*** Opening of GIVEN RECORDS ***
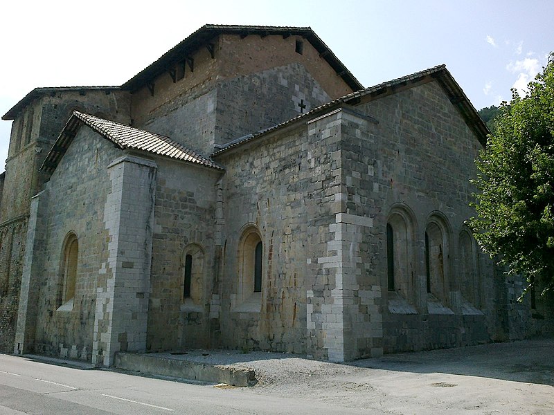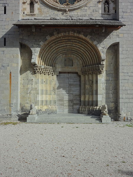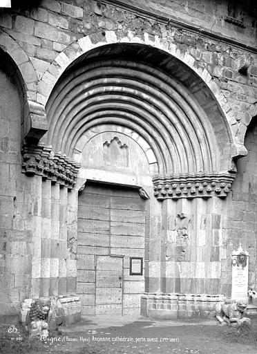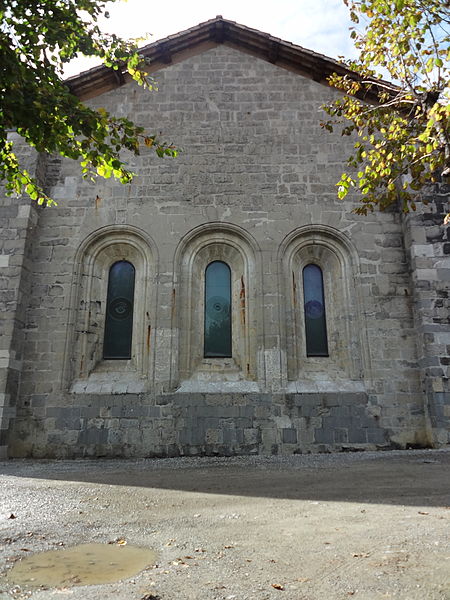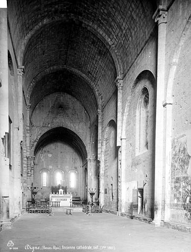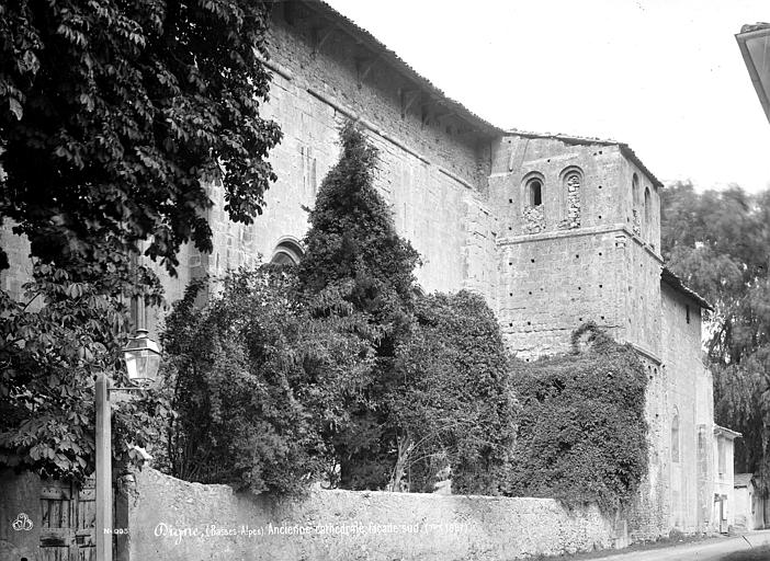 La cathédrale Notre‑Dame‑du‑Bourg, à Digne‑les‑Bains (Alpes‑de‑Haute‑Provence), est l’ancienne cathédrale du diocèse de Digne et est classée au titre des monuments historiques par la liste de 1840. Digne, « Dinia », fut la capitale des Bledontii ou Brodonticiens et devint siège d’un évêché au IVe siècle, mais aucun monument gallo‑romain majeur n’en subsiste. Un document de 780 évoque « in Digna civitate » pour un plaid demandé par Charlemagne, et des textes médiévaux mentionnent la cathédrale et les propriétés du chapitre. Au Moyen Âge la cité se composait de deux pôles, la cité épiscopale et le bourg, ce dernier entrant en décadence à partir du XIVe siècle avec le transfert des foires dans la cité. L’église, parfois attribuée à tort à Charlemagne, présente un style roman : certains éléments, comme le clocher et des fragments de colonnes, ne remontent pas au‑delà du XIe siècle. L’édifice a subi de nombreuses violences et réparations : rénovations au début du XIIIe siècle, ravages lors d’attaques huguenotes aux XVIe siècle et bombardement par Lesdiguières en 1591, après quoi le siège de l’évêché fut transféré à la cathédrale Saint‑Jérôme de Digne. Des vestiges d’états antérieurs sont visibles, notamment sur la façade nord, et un fragment d’inscription latine d’époque romaine a été découvert lors des fouilles. Sur le plan architectural, des parties datées des XIe et XIIe siècles subsistent ; l’édifice actuel, entièrement restauré, est l’un des plus importants exemples romans à nef unique du Sud‑Est de la France. La construction a repris à la fin du XIIe siècle jusqu’au début du XIVe siècle, s’appuyant sur des vestiges d’églises antérieures. D’importantes opérations de restauration accompagnées de fouilles archéologiques, notamment entre 1987 et 1988, ont permis d’enrichir la connaissance historique du monument. Après bénédiction, la nouvelle cloche « Marie‑Vincent » a été installée le 13 septembre 2012, accompagnée de deux autres cloches dans le beffroi. L’intérieur conserve un autel en marbre blanc d’époque mérovingienne et des peintures murales tardo‑médiévales. Ne disposant auparavant d’aucun mobilier ni vitraux anciens, hormis une rosace, la ville a commandé un réaménagement liturgique et des vitraux contemporains à l’artiste canadien David Rabinowitch. Les vitraux conçus par Rabinowitch exploitent le motif des « cives », feuilles de verre circulaires soufflées en plateau et colorées de façons diverses ; le triplet du chœur symbolise la Sainte Trinité (le Père en vert, le Fils en violet ou lavande et l’Esprit‑Saint en jaune), tandis que d’autres baies ponctuent l’édifice en rouge pour le chœur, en bleu pour Notre‑Dame et en blanc pour les fonts baptismaux. Le parcours depuis l’entrée de la nef est jalonné de symboles gravés au sol et rehaussés de métal incrusté : une ammonite intégrée dans un verre, figures géométriques portant des inscriptions hébraïques, grecques ou latines (dont ΙΧΘΥΣ), et polygonales associées à des motifs chrétiens comme l’agneau, le berger, l’alpha et l’oméga. L’autel, l’ambon, la cathèdre, le chandelier pascal, les candélabres, le présentoir des luminis, le tabernacle et la tapisserie constituent le mobilier liturgique contemporain. Des fouilles sporadiques aux XIXe et XXe siècles ont précédé des campagnes systématiques menées entre 1983 et 1994 sous la direction de Gabrielle Démians d’Archimbaud, en liaison avec les travaux de consolidation conduits par l’architecte Francesco Flavigny. Ces investigations ont mis au jour des témoignages funéraires gallo‑romains du Ier siècle, deux mausolées du IIIe siècle, une première église paléochrétienne datée de la fin IVe‑début Ve siècle qui s’est développée en réutilisant les mausolées, ainsi que deux basiliques successives du XIe siècle, la plus récente ayant été détruite par un incendie. Pour valoriser ces découvertes, la ville a aménagé une crypte archéologique sous la cathédrale, dotée d’une muséographie confiée à l’architecte Eric Klein ; cet espace de 870 m2 a été ouvert au public en juillet 2010. Des publications et rapports de fouilles détaillent les recherches et constituent les références principales sur Notre‑Dame‑du‑Bourg.
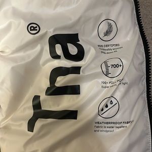 @alexisbeechner Thank you! Sorry but could you post a close up picture of the tags / writing on the inner left side where it says the fill and whether it’s water-resistant / water-proof and wind-resistant / wind proof , etc.
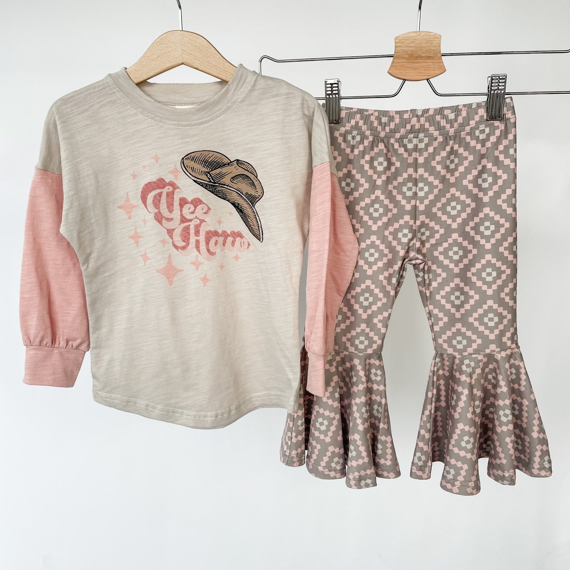 Yee Haw long sleeve Rockin Bottom Graphic Tee shirt is made from 100% cotton, offering comfort and style. It feature a distressed hem at the neck for a trendy, vintage look. This tops pair perfectly with our Bell Bottom Pants and are the ideal complement to our ruffled headbands or clippys. Note: Bell bottoms are sold separately.
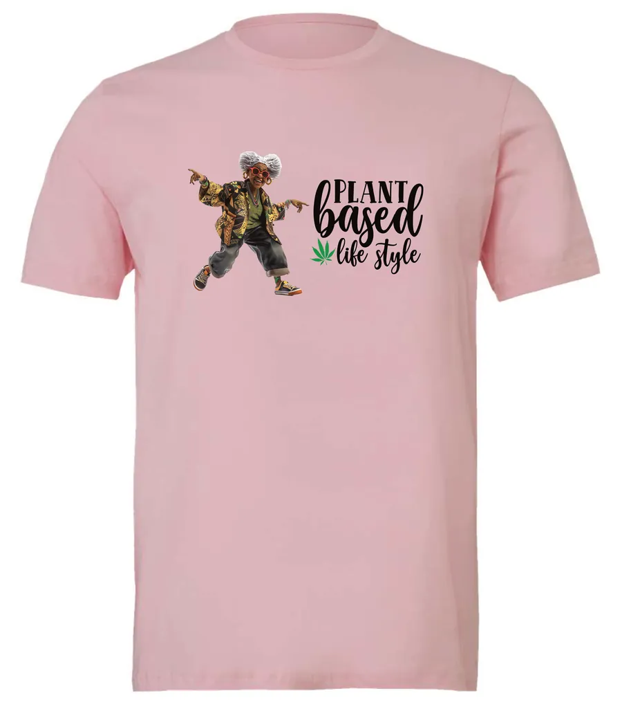 white marihuana v-neck t-shirt featuring a black old woman dancing and it says plant based life style
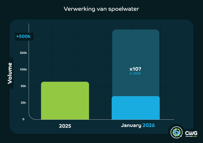That momentum is accelerating: in January alone, 35,600 liters of rinse water were processed.
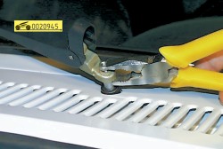 - Беру болгарку и начинаю резать резину…далее сам подшипник с двух сторон…и после чего посадочную основу подшипника, но тут надо осторожно чтобы ось не порезать. Вообщем благополучно все срезав ставлю новый подвесной…заходит кстати легко…чуть сначала постучал по направляющей, а дальше сам пошел, а забыл крепиться он к кузову планкой к которой он тоже прикипел…пришлось срезать болтики успешно позже заменив их на новые. Старые металлические крышечки и пластиковые прокладки сохраняем и ставим на место…перед подшипником и после него.
*** Close of GIVEN RECORDS ***
■ DIRECTIONS FOR THIS TASK: No pictures belong in the copy: reproduce exactly the lines above from the one that contains "Yee Haw long" through the last line of the entries.

■ EXPECTED ANSWER:
 Yee Haw long sleeve Rockin Bottom Graphic Tee shirt is made from 100% cotton, offering comfort and style. It feature a distressed hem at the neck for a trendy, vintage look. This tops pair perfectly with our Bell Bottom Pants and are the ideal complement to our ruffled headbands or clippys. Note: Bell bottoms are sold separately.
 white marihuana v-neck t-shirt featuring a black old woman dancing and it says plant based life style
That momentum is accelerating: in January alone, 35,600 liters of rinse water were processed.
 - Беру болгарку и начинаю резать резину…далее сам подшипник с двух сторон…и после чего посадочную основу подшипника, но тут надо осторожно чтобы ось не порезать. Вообщем благополучно все срезав ставлю новый подвесной…заходит кстати легко…чуть сначала постучал по направляющей, а дальше сам пошел, а забыл крепиться он к кузову планкой к которой он тоже прикипел…пришлось срезать болтики успешно позже заменив их на новые. Старые металлические крышечки и пластиковые прокладки сохраняем и ставим на место…перед подшипником и после него.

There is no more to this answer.